Johannesburg and Kampala, Uganda – When Vedanta Resources Ltd. VED.LN +0.24% tried to lay off 1,500 workers at its Zambia copper mine last month, the company’s top manager in the country was the one whose job came under fire.

Vedanta had planned to cut 7% of the workforce at its Konkola Copper Mines operation, Zambia’s second-biggest copper project, due to weaker prices. But the proposal so incensed the government that Zambian President Michael Sata threatened to cancel the company’s mining license if a single job was lost.

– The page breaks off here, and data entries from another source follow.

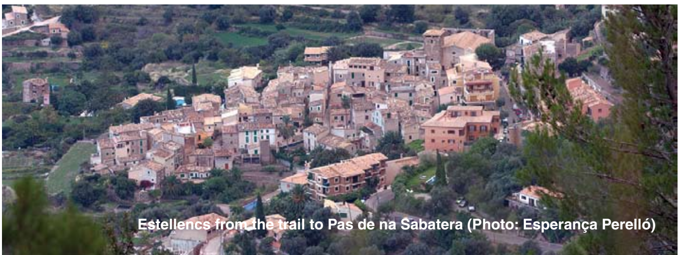
Estellencs from the trail to Pas de na Sabatera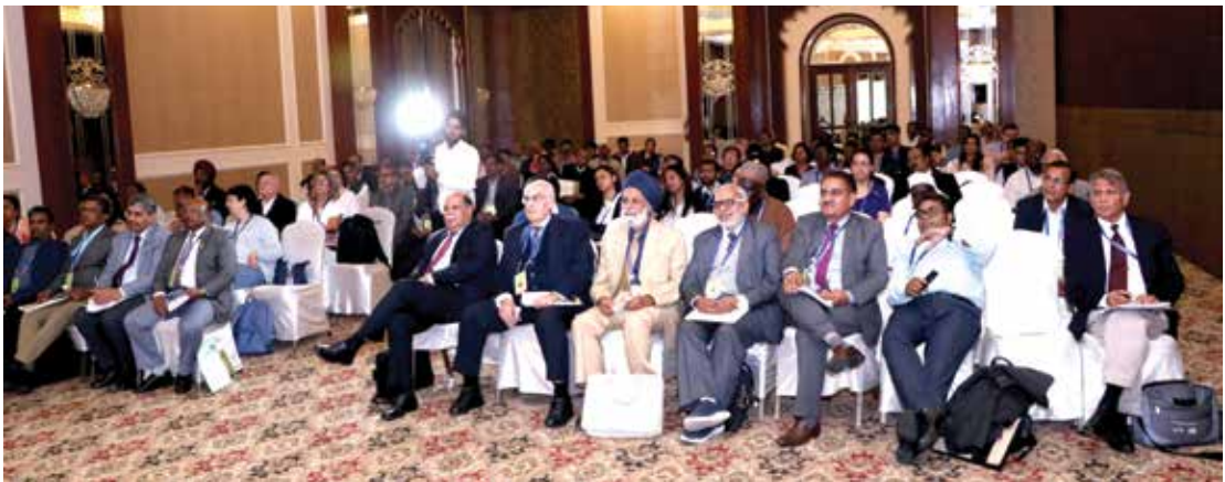
View of participants in the Satellite Symposium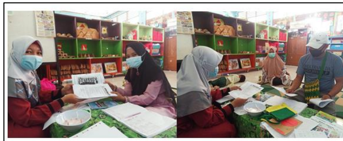
Figure 4. Taking LKA by parents at TK Aisyiyah Abepura institution

TK Aisyiyah is one of the PAUD institutions in the Abepura District, Jayapura City. At TK Aisyiyah, distance learning is carried out in the form of giving worksheets as in TK Yapis V and PAUD Karya Kasih. LKA is taken by the parents or guardians of students to school as shown in Figure 4. This form of LKA that is given to the parents of students is a way that is considered appropriate for distance learning in early childhood because children need assistance and guidance from adults, in this case, it is the student's parent or guardian. Because parents have different backgrounds in understanding educating and accompanying children's learning, the TK Aisyiyah institution also collaborates with a parenting program to support the implementation of distance learning for early childhood more optimally (Nurjayanti, Personal Communication, 2020).

Shrugging off the threat as “mere rhetoric,” Konkola Copper Chief Executive Kishore Kumar fired 76 workers anyway.

The government responded by revoking Mr. Kumar’s work permit and accusing him of fleeing the country, after he missed a meeting with the interior minister. “He should consider himself not wanted in Zambia anymore,” Interior Minister Edgar Lungu said at the time.

London-based Vedanta says Mr. Kumar had left for a previously scheduled business trip and assumed that the ministry meeting could wait until he returned.

As mining companies across Africa seek to lay off workers because of weaker commodity prices, African governments are fighting back. That has created strains between officials in emerging economies and some of their biggest investors.

“If we can’t cut costs at operations when commodities prices fall, that is a concern,” says Ivan Glasenberg, CEO of Glencore Xstrata GLNCY -0.45% PLC. The Swiss mining company has operations in 17 African countries, including Zambia, South Africa and Congo. If governments “hurt us too hard,” Mr. Glasenberg says, “we won’t throw more money at a country.”

The governments, meanwhile, face restive—or outright rebellious—populations that have meager job prospects.

Such tensions mark a sharp shift from the days of Africa’s commodity boom, when companies were jostling for access to the continent’s mineral-rich countries. Two years ago, gold was at a record around $1,900 a troy ounce, copper traded at $10,000 a metric ton and platinum at $1,900 a troy ounce. Those prices have dropped 34%, 45% and 25%, respectively.

“Governments need to realize that the profits of yesteryear are gone,” says Claude Baissac, the managing director of Eunomix, which advises mining companies in sub-Saharan Africa. “It’s the disinvestment they need to worry about now.”